We (professional women) got our educations and joined the workforce with the implicit promise that society would help us take care of our families.  The schools would make sure our kids learned what they needed to know.  The food industry would provide nutritious, responsible food requiring limited preparation.  New products and technologies would keep us safe, healthy, and clean.  They lied.

She could go out and maximize her earning potential, but to her, the bargain was not worth it.  She would rather make sure her family was healthy and that she was leaving the planet in better state for her children to live in when she was gone.  Similarly, Schaub was dismayed by the amount of sugar her 1st grader was getting in school and by the sugar hiding in her emergency chicken with pasta and cream sauce meal from the grocery store freezer isle.

My feminist point?  I have two.

Point 1: Society promises a mother everything but on closer inspection, she gets very little in return.  We no longer resign women to the kitchen as their rightful place in a patriarchal society, at least not explicitly.  But do we actually give them a choice?  This gets back to a point I made in my More Work for Mother: Part 2 post.  In that discussion, I concluded that
“internet access has placed the burden of research on the consumer.  Whereas once you paid a travel agent to book your flights, now you spend several hours researching and comparing prices.  The variety of products available also means you spend a lot more time researching the perfect backpack for your child or the best rice cooker.  All this research time seems like an added burden on working mothers that we take for granted.”
All this leads us to feminist goals regarding social support for women's empowerment.  Obvious examples include affordable childcare or flexible work schedules, but maybe feminists should expand their thinking to include basic things like education reform, food safety, and sustainable agriculture.  Yes, moms can drive markets, but they deserve to be astrophysicists or chief operating officers rather than the country’s unpaid food inspectors or agricultural watchdogs. 

Point 2:  Cooking itself is not the enemy.  This might be obvious, but I missed this point and maybe other feminists do too.  I grew up in an environment where cooking was a chore and food was either a haven for allergens or a problem for the latest diet fad.  I never ended up with an unhealthy relationship with food, but only recently did I realized that cooking can have its own rewards.  

Cooking can be an exciting and creative process as well as a way to make delicious AND amazingly healthy food.  This is part of Kingsolver’s argument in favor of home cooking.  In addition, besides the obvious health benefits, she lays out a range of other family benefits: time together in the kitchen sharing stories, making memories, experimenting, and learning new skills; setting up a designated family meal time; interacting with the past through family recipes or foods that remind you of Thanksgiving with Grandma; taking time from a crazy schedule for some quiet and reflective time.

Obviously all these wonderful things don’t happen every day.  Sometimes cooking IS a chore and we want to make sure mom is not the one stuck with it all the time.  But in these books, especially Kingsolver’s, cooking is family work.  Dad makes the bread daily and plows up the garden.  The children look up recipes, work in the garden, help with the cooking, or even run the family’s egg business.  Everyone works, everyone learns, everyone benefits.  As a result, bringing a feminist view to cooking can be very rewarding for everyone in the family, not just the women.

So there you go . . . food can equal feminism.

1 comment:

  1. I love this post.
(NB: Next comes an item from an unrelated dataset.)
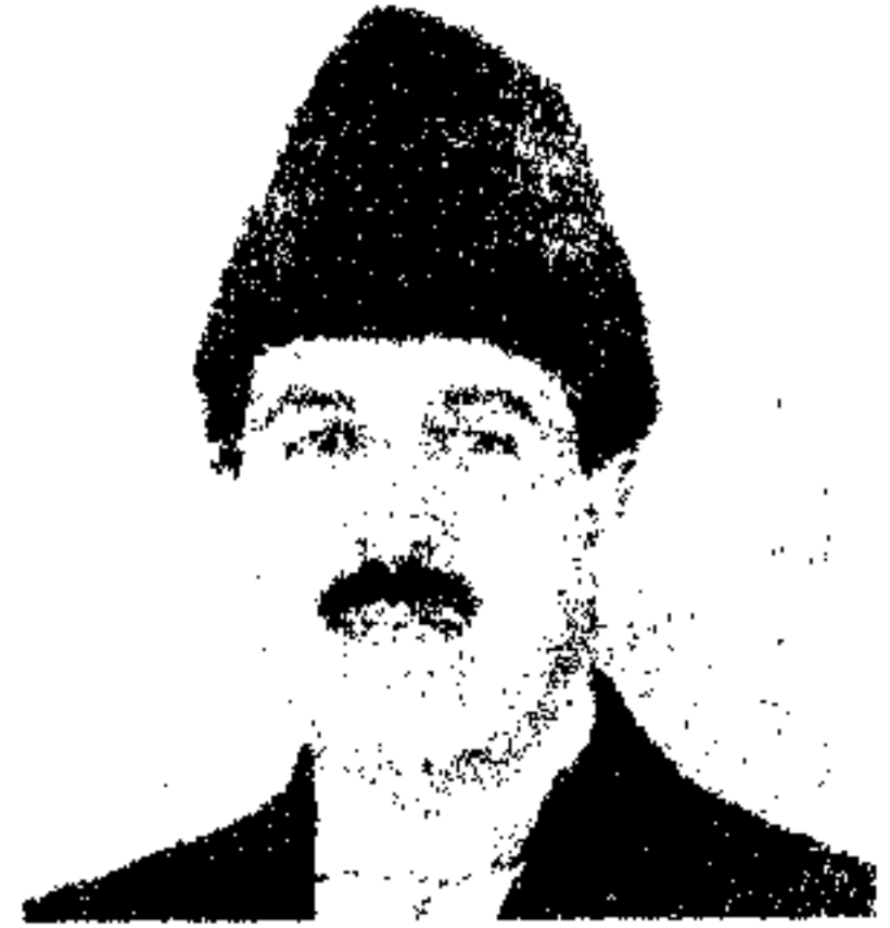
ع، ص حبیب اللہ خان طرزی معین سوم وزارت خارجه

I love your point about mothers getting a bad deal from a society that doesn't support them but rather expects them to be mothers, workers, and "the country’s unpaid food inspectors or agricultural watchdogs." I would argue however that lots of feminists DO expand their thinking to include educational reform, sustainable agriculture etc. I think modern feminist activists and workers along with anti-racism and social justice activists and workers are leading the effort to understand the intersection and covariant nature of many of these issues.